Download or read book The Social History of Crime and Punishment in America written by Wilbur R. Miller and published by SAGE Publications. This book was released on 2012-07-20 with total page 2657 pages. Available in PDF, EPUB and Kindle. Book excerpt: Several encyclopedias overview the contemporary system of criminal justice in America, but full understanding of current social problems and contemporary strategies to deal with them can come only with clear appreciation of the historical underpinnings of those problems. Thus, this five-volume work surveys the history and philosophy of crime, punishment, and criminal justice institutions in America from colonial times to the present. It covers the whole of the criminal justice system, from crimes, law enforcement and policing, to courts, corrections and human services. Among other things, this encyclopedia: explicates philosophical foundations underpinning our system of justice; charts changing patterns in criminal activity and subsequent effects on legal responses; identifies major periods in the development of our system of criminal justice; and explores in the first four volumes - supplemented by a fifth volume containing annotated primary documents - evolving debates and conflicts on how best to address issues of crime and punishment. Its signed entries in the first four volumes--supplemented by a fifth volume containing annotated primary documents--provide the historical context for students to better understand contemporary criminological debates and the contemporary shape of the U.S. system of law and justice.

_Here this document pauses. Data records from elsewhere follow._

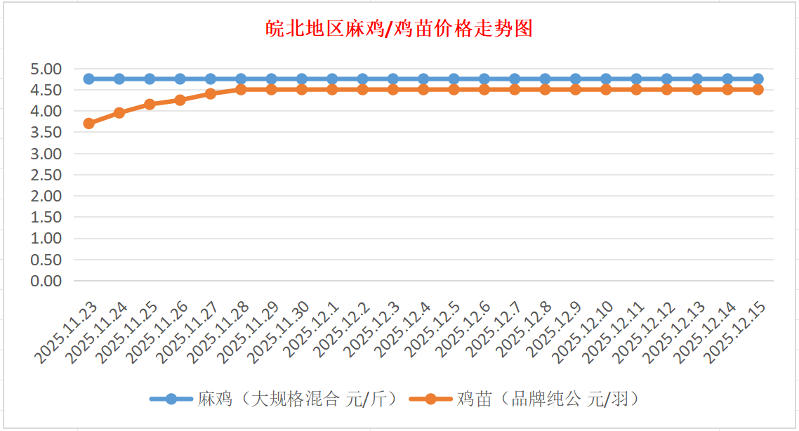 鸡病专业网独家信息:2025年12月15日皖北地区817-麻鸡行情最新走势
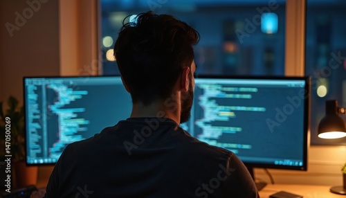 Man works late night on computer. Programmer, developer coding software, web design. Coding on computer screen at night, work desk, software development, modern tech, business, cyberspace.
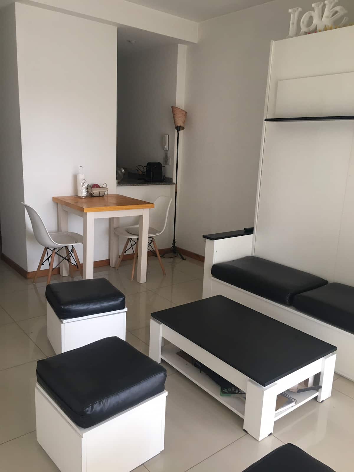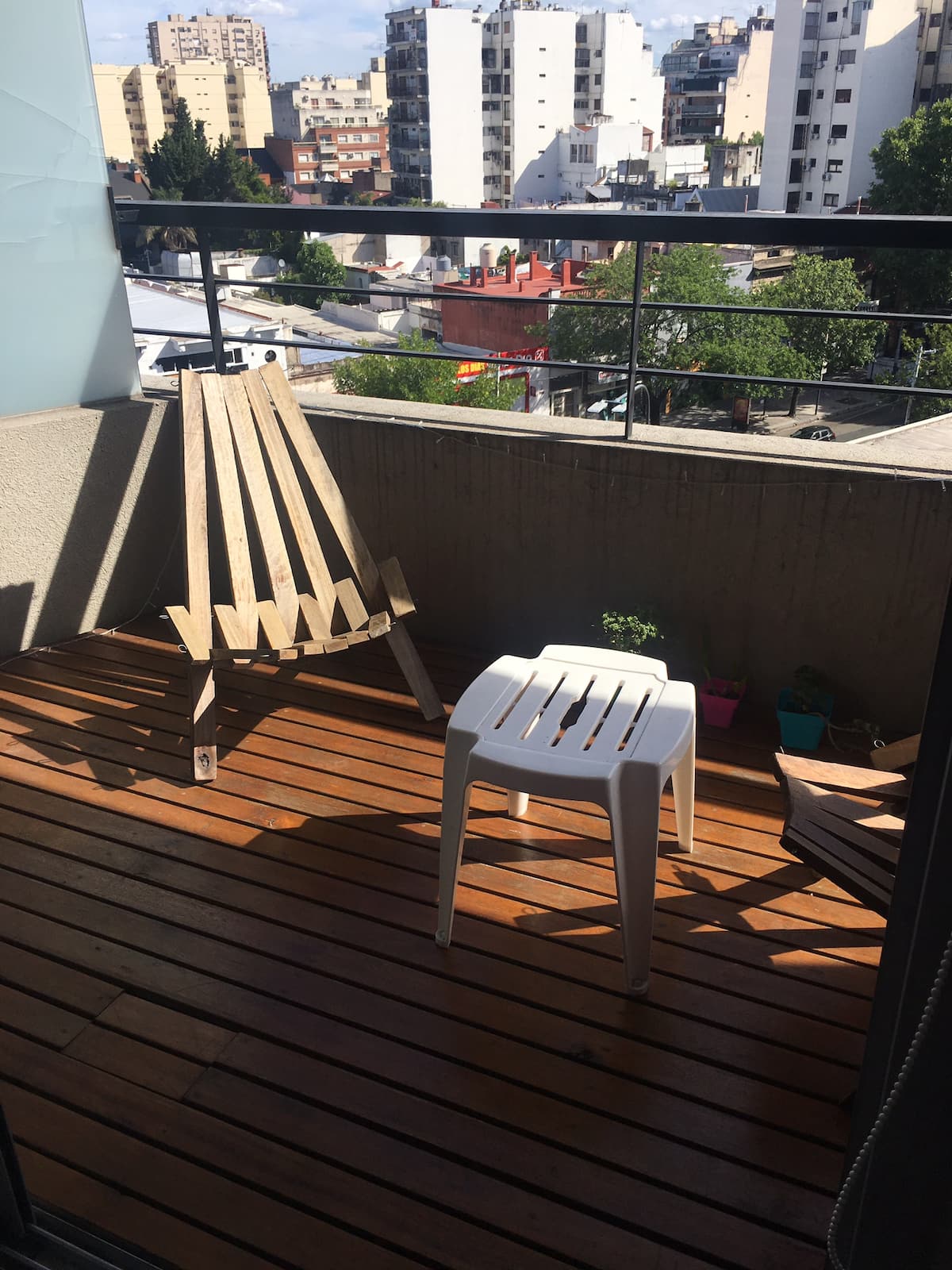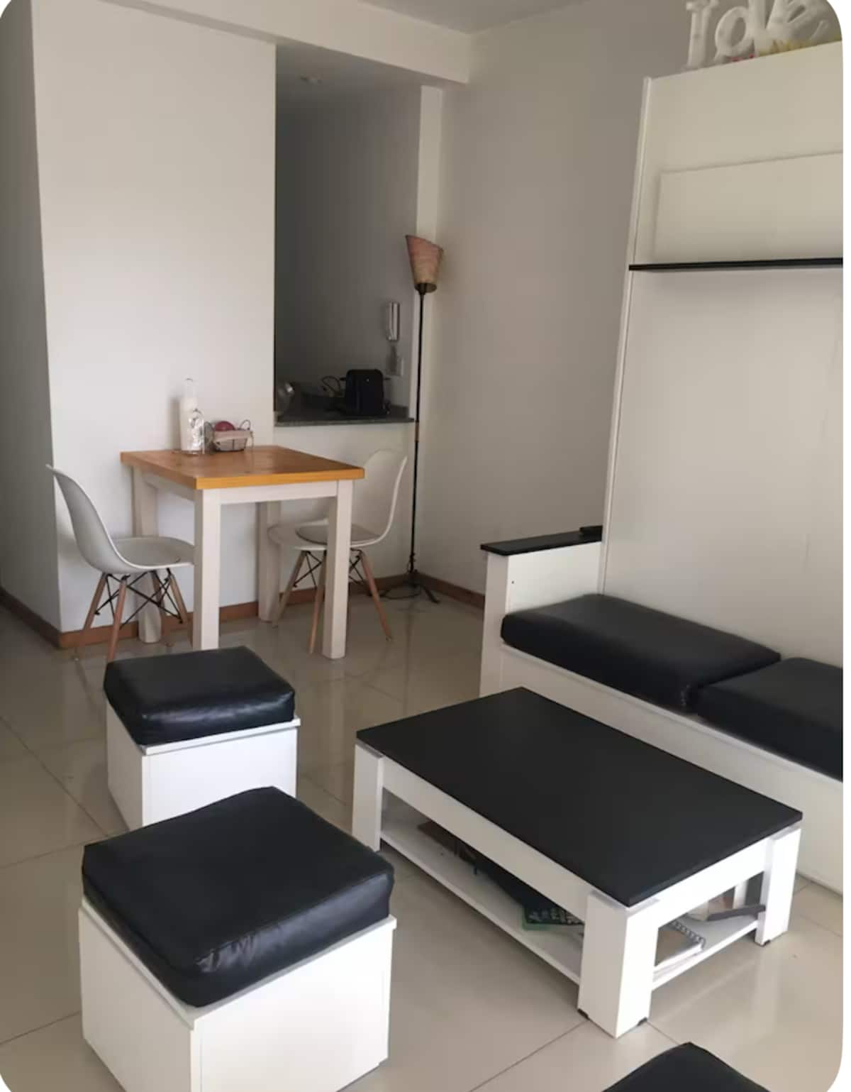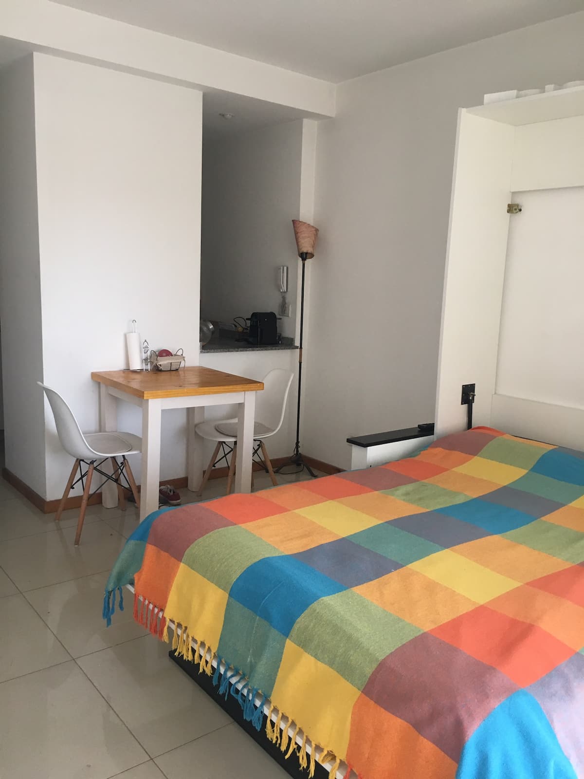 Квартира-студия в Villa Devoto. В помещении установлен двуспальный раскладной диван-кровать, который превращает пространство в гостиную. Площадь не указана, есть большой балкон с настилом. В студии отдельная кухня с холодильником, духовкой, электрической духовкой, электрическим чайником и микроволновой печью, а также кондиционер (холод/тепло). Предусмотрены Wi‑Fi и телевизор, обеденный стол на 2 места. Минимальный срок бронирования — 4 ночи. Транспорт: в 1 квартале от станции Subte Línea B, Inca

Download or read book Crime and Punishment in Russia written by Jonathan Daly and published by Bloomsbury Publishing. This book was released on 2018-02-22 with total page 257 pages. Available in PDF, EPUB and Kindle. Book excerpt: Eighteenth-century Russia -- Nineteenth-century Russia before the emancipation -- From the great reforms to revolution -- The era of Lenin -- The era of Stalin -- The USSR under "mature socialism" -- Criminal justice since the collapse of communism -- Conclusion -- Glossary -- Works cited.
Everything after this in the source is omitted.